▶ [Exercise]: Exactly the lines from the beginning of the listing below through the line that contains "LBS F 69/7490)." should be transcribed, and pictures must stay out.

:: Data extracts ::

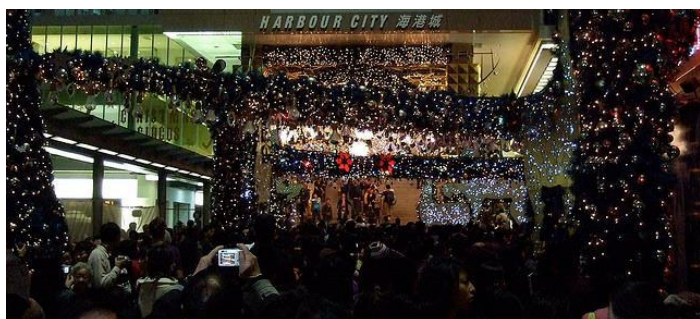
海湾城平安夜 Chronicle of Random Happenings 摄

全港最大的购物商场，这里有全球第二大的 LV 专卖店和数十家国际品牌专卖店。海港城之大足以让游客逛满一天。服务员的服务质量很好，普通话整体水平也比较高。
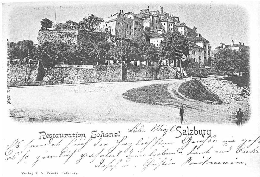
Postkarte „Restauration Schanzlwirt“, noch mit alter Gasse, Benediktinerinnenstift Nonnberg und Festung Hohensalzburg im Hintergrund, um 1900 (SLA, Fotos LBS F 69/7490).

Anlässlich eines Jubiläums stellt sich oft die Frage, welche Geschichte sich dahinter verbirgt: Seit wann gibt es das Gebäude und welche Bedeutung, welche Bewohner hatte es? Warum steht das Haus auf einer Mauer? Was bedeutet der Straßenname „Schanzlgasse“ oder „Stockhausgasse“?
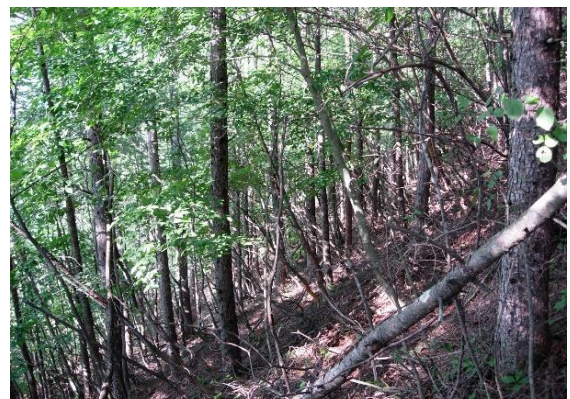
(調査対象森林イメージ)
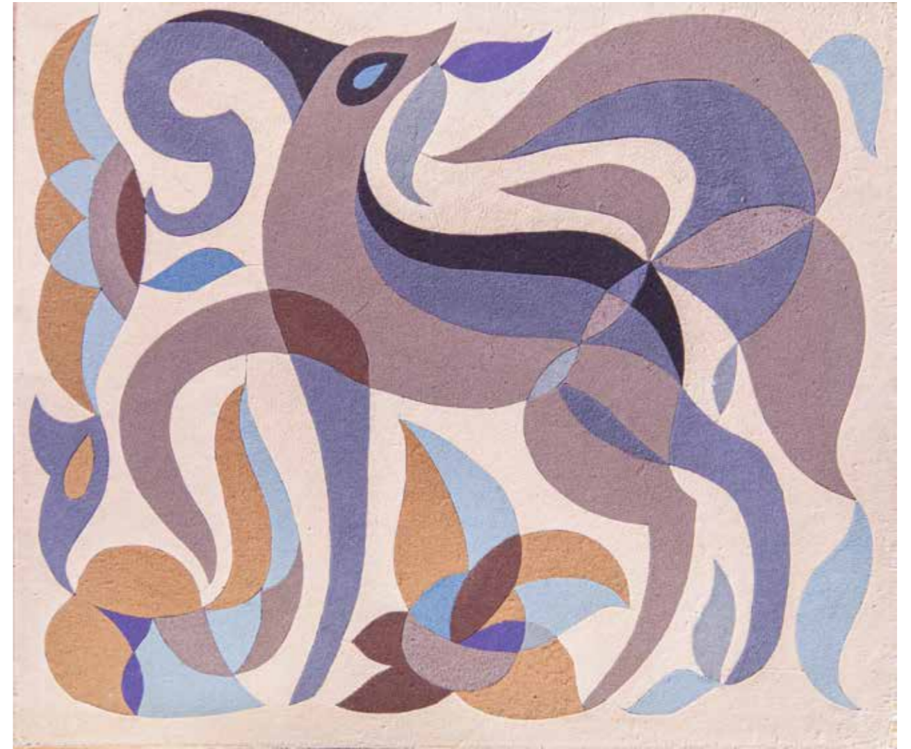
127 | На перші гулі, 1973 р. Колаж. ДВП, пальтові тканини. 67×78 To the first festivities, 1973. Collage, fiberboard, coat fabric
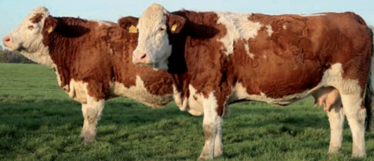
□ Od samého začátku se klade důraz na inseminace
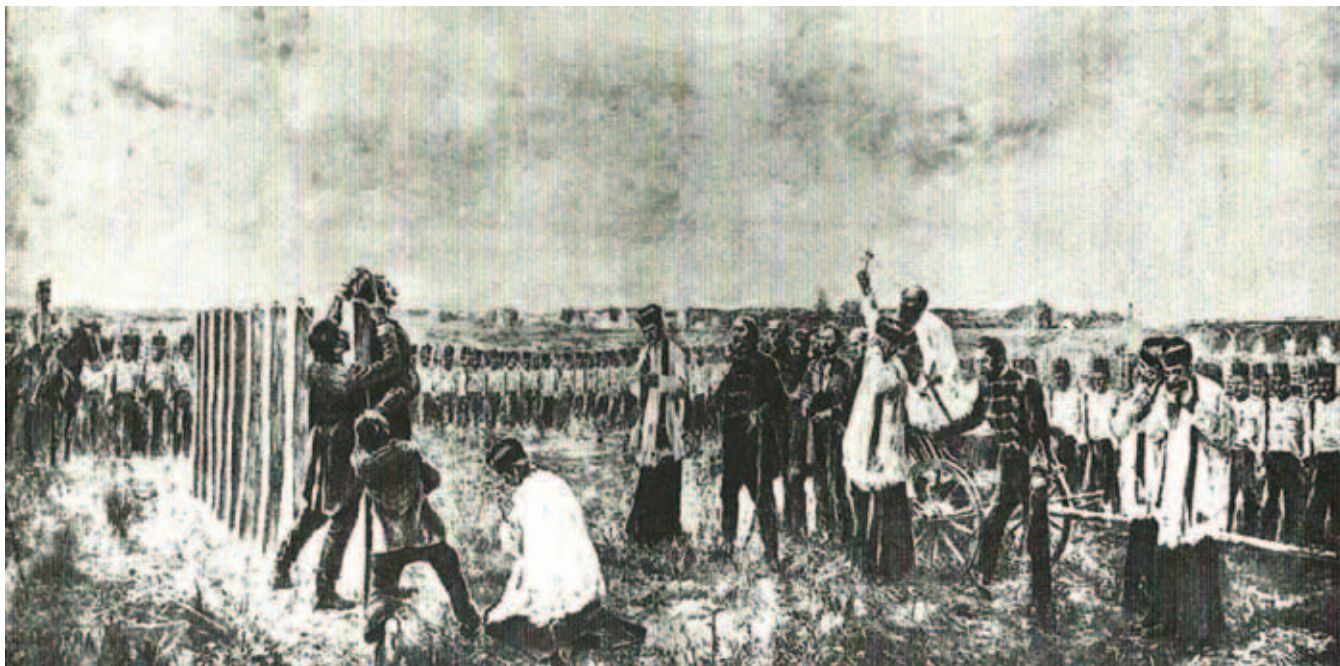
THORMA JÁNOS, Aradi vértanúk, 1892–1896, olaj, vászon, kb. 400 × 700 cm (a széleit a művész levágta, közepe a ma ismert Aradi vértanúk kép)
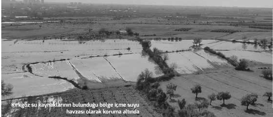
Kırkgöz su kaynaklarının bulunduğu bölge içme suyu havzası olarak koruma altında
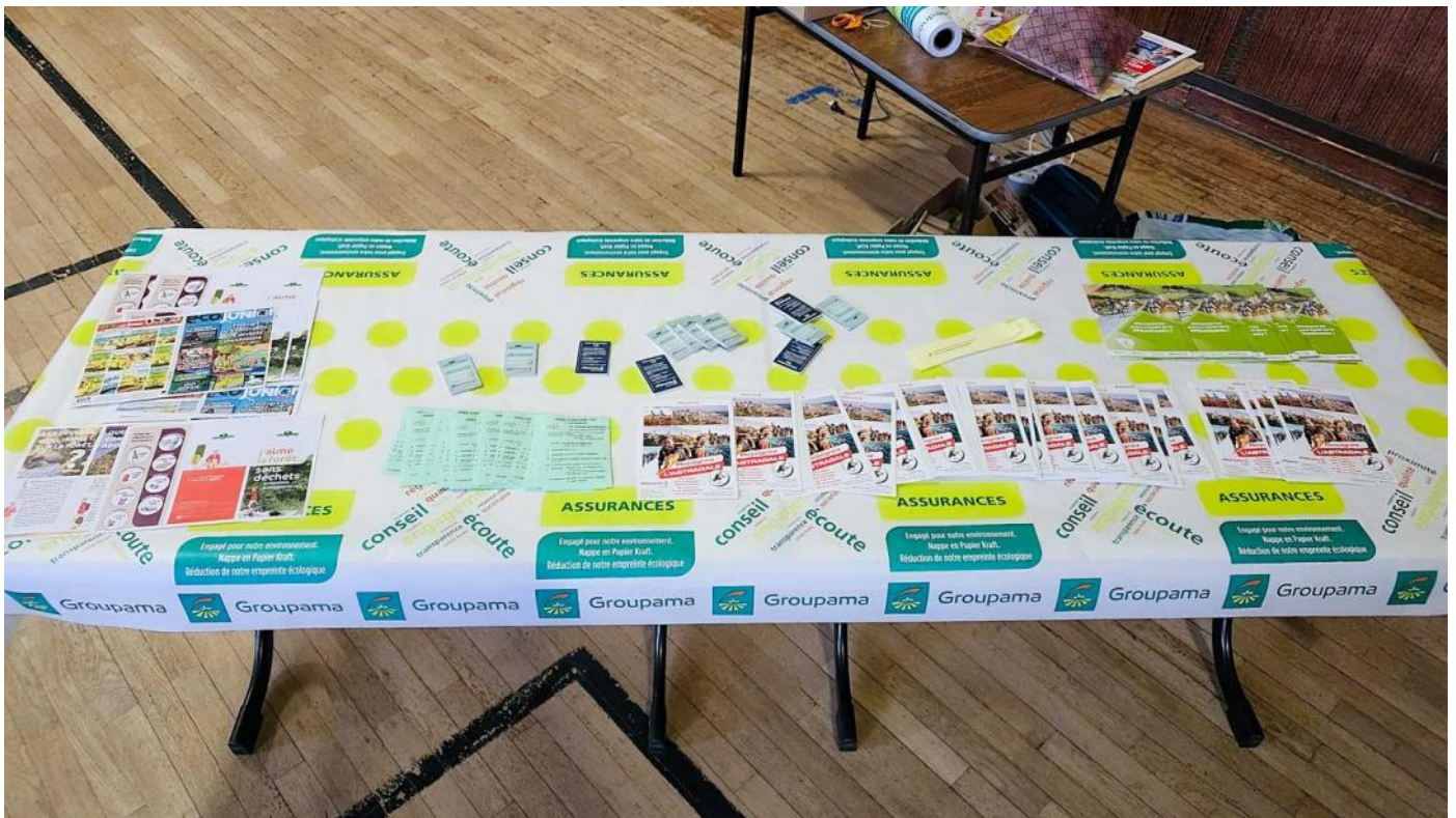
Affichage des cartes des trois parcours, des numéros d'appel (Urgence médicale, Pompiers, Gendarmerie, Présidente et Secrétaire de L'Astragale
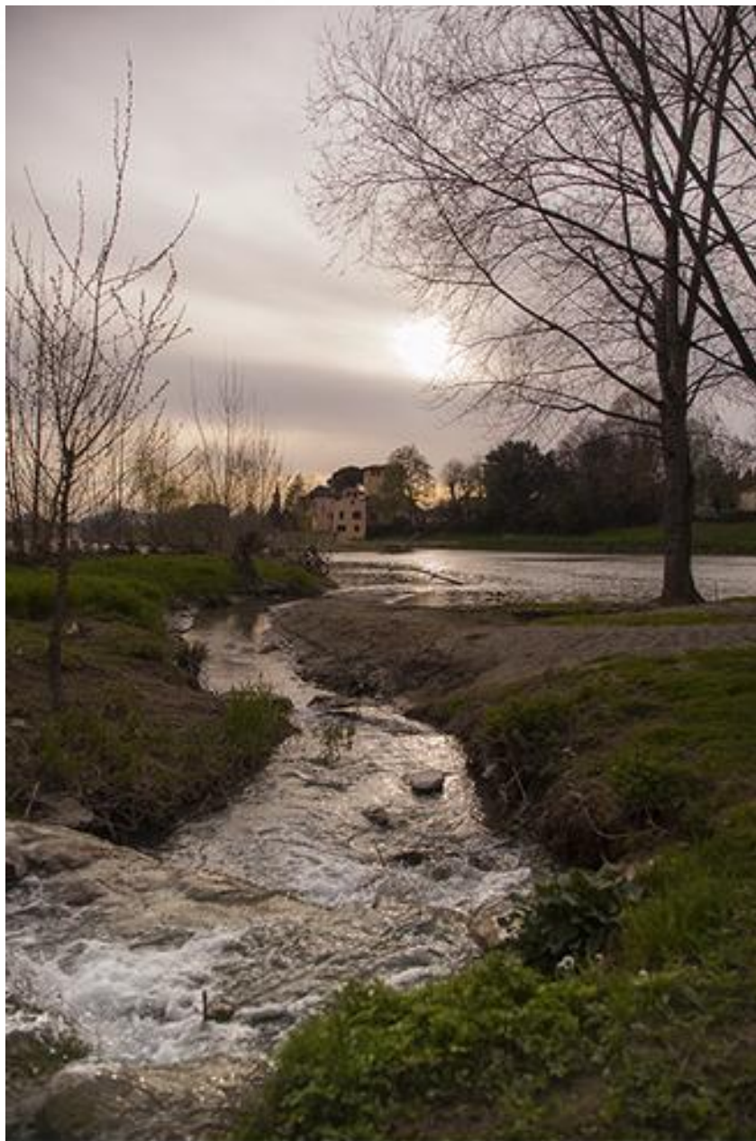
“Arno a Rovezzano” di Marco Fantechi

:::

▶ [Answer to this task]:
海湾城平安夜 Chronicle of Random Happenings 摄

全港最大的购物商场，这里有全球第二大的 LV 专卖店和数十家国际品牌专卖店。海港城之大足以让游客逛满一天。服务员的服务质量很好，普通话整体水平也比较高。
Postkarte „Restauration Schanzlwirt“, noch mit alter Gasse, Benediktinerinnenstift Nonnberg und Festung Hohensalzburg im Hintergrund, um 1900 (SLA, Fotos LBS F 69/7490).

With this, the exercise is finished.